9.5. Rulings on Regular and Associate and corporate Memberships shall be put to qualified majority ballots and rulings on honorary Membership shall be put to three-quarter ballots of current Board Members. Ballots shall be open.

Article 10.1. Membership may be terminated upon the following circumstances coming to obtain:

10.2. Pursuant to receipt of two months’ written notice from Members which notices shall be tabled through the Board to the General Assembly;

10.3. Upon death or upon declaration of proscription or upon corporate Members being wound up;

10.4. Upon expulsion on the following grounds:

- Breaches of these Articles or else breaches of professional and ethical standards as found by the General Assembly;

- Failure to discharge Membership duties;

- Systematic failure to remit dues on not fewer than two occasions.

Article 11.1. Regular and Qualified Members of this Association shall enjoy the following rights: 11.2. Participating in the General Assembly;

11.3. Voting in the General Assembly and nominating others for election to office and being nominated for election to office in bodies of this Association;

11.4. Nominating prospective Members;

11.5. Participating in this Association’s work;

11.6. Receiving advice on this Association’s work;

11.7. Receiving remuneration for work or services performed where such remuneration may be expressly specified;

11.8. Tabling proposals and projects regarding this Association’s work before the Board.

11.9. Participating in Association awareness and training programmes and receiving assistance in organising topic forums in furtherance of this Association’s Objectives in preference over those of other organisations or individuals.

Article 12.1. Honorary and Associate Members shall enjoy all the rights stated herein above save for the rights to vote in the General Meeting and the right to vote and stand for office in this Association’s bodies and also the right to nominate and deliberate the admittance of new Members.
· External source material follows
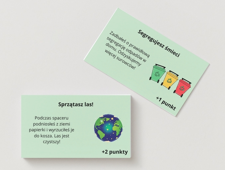Gracze przesuwają pionki po planszy, starając się dotrzeć do mety z jak największą liczbą punktów. Pola dodatnie nagradzają za takie działania jak segregacja śmieci, oszczędzanie wody czy energii, a pola ujemne uczą, jak unikać marnotrawstwa czy nadmiaru plastiku. Emocji dodają karty zdarzeń, które mogą zupełnie odwrócić losy rozgrywki!

Article 13.1. The duties of Members of this Association shall be as follows:

13.2. To remit dues in a timely fashion;

13.3. To resolve any arising issues conscientiously and in a timely fashion;

13.4. To adhere to these Articles and also to professional and ethical standards established by the General Assembly.
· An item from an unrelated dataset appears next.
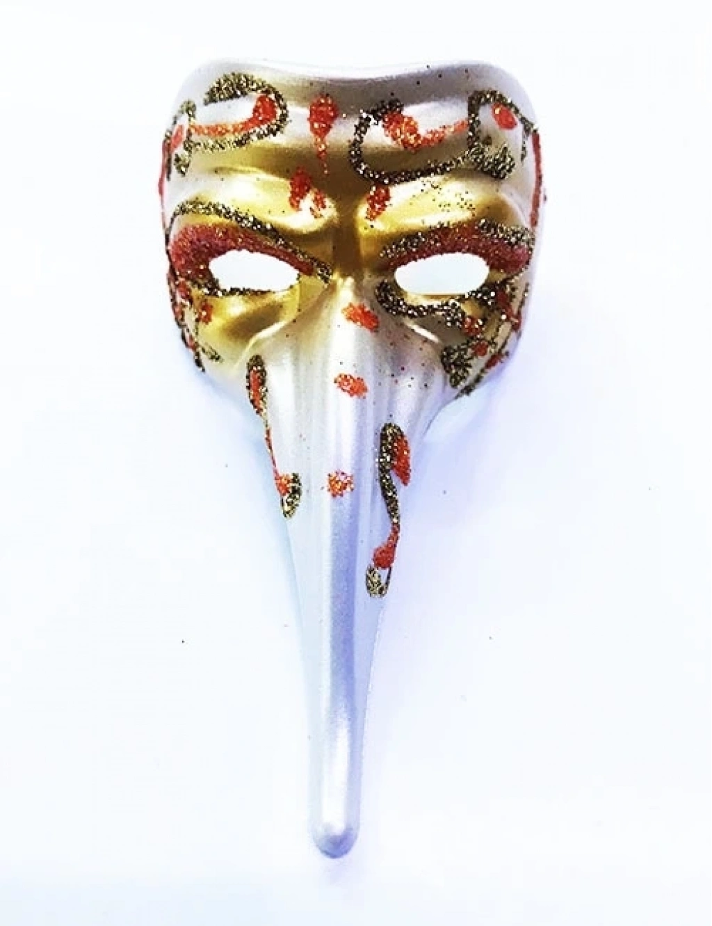 Turuncu Renk İşlemeli Seramik Malzemeden İmal Venedik Uzun Maske Magnet

Article 14.1. The assets of this Association shall comprise ownership and diverse rights over items and monies and claims and sundry rights stemming from current legislation.

14.2. This Association may dispose of property freely in furtherance of the Objectives set out in these Articles and in the ZYuLNTs.

14.3. This Association shall dispose of assets pursuant to reasoned resolutions by the General Assembly adopted by complex majorities of two thirds of qualified and regular Members and provided that such disposal shall be to the benefit of persons listed in ZYuLNTs Article 41 Paragraph 3.

Sources of Funds

Article 15.1. All Members of this Association shall remit dues as set by the General Assembly. The term for remittance of dues shall be until 30 June or else until 31 December each year. Dues shall be 15 per cent of national minimum monthly pay for Qualified Members and 12 per cent of national minimum monthly pay for Associate Members. Honorary Members shall be exempt from dues.

15.2. The Board may receive donations from individuals and legal entities and enter into sponsorship agreements on behalf of this Association.


Article16.1. This Association may trade as follows in pursuit of its basic Objectives: publishing and promoting and representing and hiring halls and rooms for training or competitions and mediating and acting as agent or impresario and offering consulting services and marketing musical products.

16.2. Trading shall be subject to the terms and conditions set by the Търговски закон (rendered into English as the Commerce Act and hereinafter cited as the TZ) and accountancy and fiscal legislation.

16.3. The conduct of trading and control over trading shall rest with the Management and Supervisory Boards of this Association.


Article17. Where loss may occur as shown in annual accounts then the General Assembly may resolve to cover such loss through levies on dues. Resolutions setting such levies shall be adopted by qualified majorities of two thirds of the votes of Regular and Qualified Members.


Bodies of the Association

Article18. The bodies of this Association shall be the General Assembly and the Board and the Supervisory Board and the Committee of Ethics and Professional Standards.

Composition of the General Assembly

Article 19. The General Assembly shall comprise all Qualified and Regular and Associate and Honorary Members and also corporate Members represented in person or else through delegated representatives.


Article 20.1. Legal entity Members shall be represented at General Assembly by duly representative persons or else by expressly authorised attorneys.

20.2. Legal entities and individuals shall be represented solely by individuals.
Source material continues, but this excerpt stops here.